Three: gray square, gray circle, white square → ✔ 3
#### b) How many grandchildren?
From the albino son: 1 child (white square)
From the normal son: 2 children (gray circle + white circle)
Total = 1 + 2 = ✔ 3
#### c) How many of their grandchildren are albino?
Look at the grandchildren:
- From albino son: white square → normal → not albino
- From normal son: gray circle → albino, white circle → normal
So only 1 grandchild is albino.
✔ Answer: 1
#### d) Create an extension to show the albino granddaughter marrying and having a son who is NOT albino.

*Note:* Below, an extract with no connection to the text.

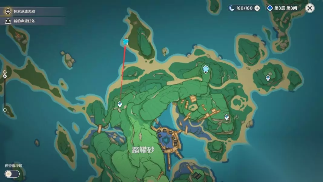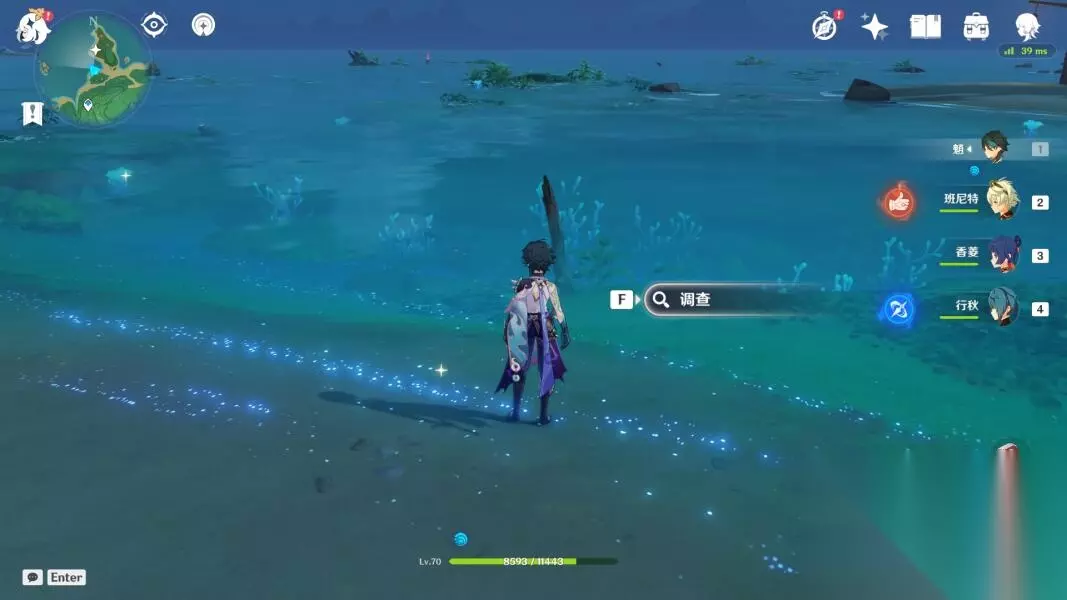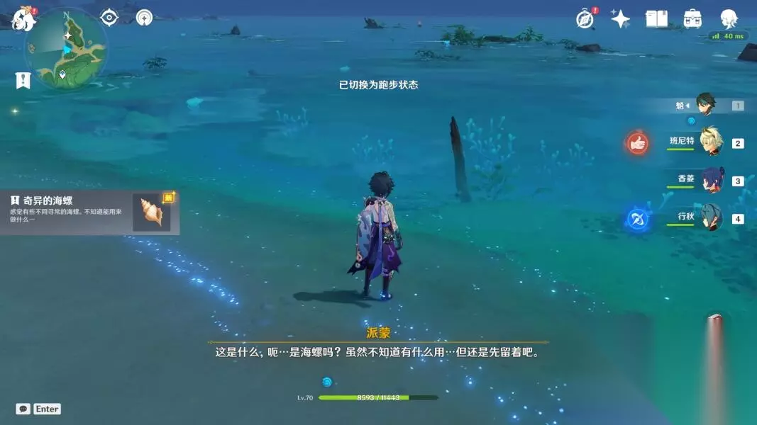 与海岸边的这些调查点交互,搜集「奇异的海螺」,阿敬每次会要3个才能让我们开宝箱。调查点还是挺多的,但不是每一个都会有海螺,也会蹦出来其他材料或者魔物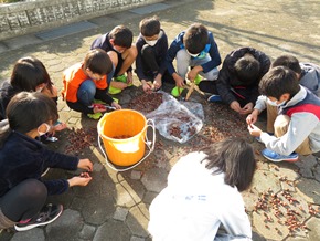| 11月18日(水) 温かい日差しの中、6年生がマテバシイの皮を割って、中の実を取り出す活動を仲良く行っていました。4年生は秋の生き物を探したり、春植えたツルレイシがどうなっているか観察したりしました。 |

The albino granddaughter is the gray circle under the normal son and albino wife.
She is aa.
To have a son who is NOT albino, he must have at least one A allele.
That means the father must give him an A.
So, she marries someone who is either AA or Aa.
If she marries an AA man → all kids will be Aa → normal.
If she marries an Aa man → 50% chance kid is Aa (normal), 50% aa (albino).
We just need to show it’s possible → so draw:
- Connect the albino granddaughter (gray circle) to a new square (man). Make him white (so he’s normal — could be AA or Aa).
- Draw a line down to a new square (son) → make him white (normal).
You don’t need to label genotypes unless asked, but since part d says “create an extension”, just adding those shapes is enough.
But since this is text, I’ll describe what to draw:
→ Add a horizontal line from the albino granddaughter (gray circle on bottom right) to a new white square (her husband).
→ From that couple, draw a vertical line down to a new white square (their son).
That shows she had a non-albino son.
---
## Final Answer:
Problem 1:
Genotype → Phenotype:
- AA = normal
- Aa = normal
- aa = albino
a) 3
b) Female
c) 1
Problem 2:
a) 3
b) 3
c) 1
d) Draw: Albino granddaughter (gray circle) connected to a normal male (white square), with a line down to a normal son (white square).
Parent Tip: Review the logic above to help your child master the concept of pedigree chart worksheet.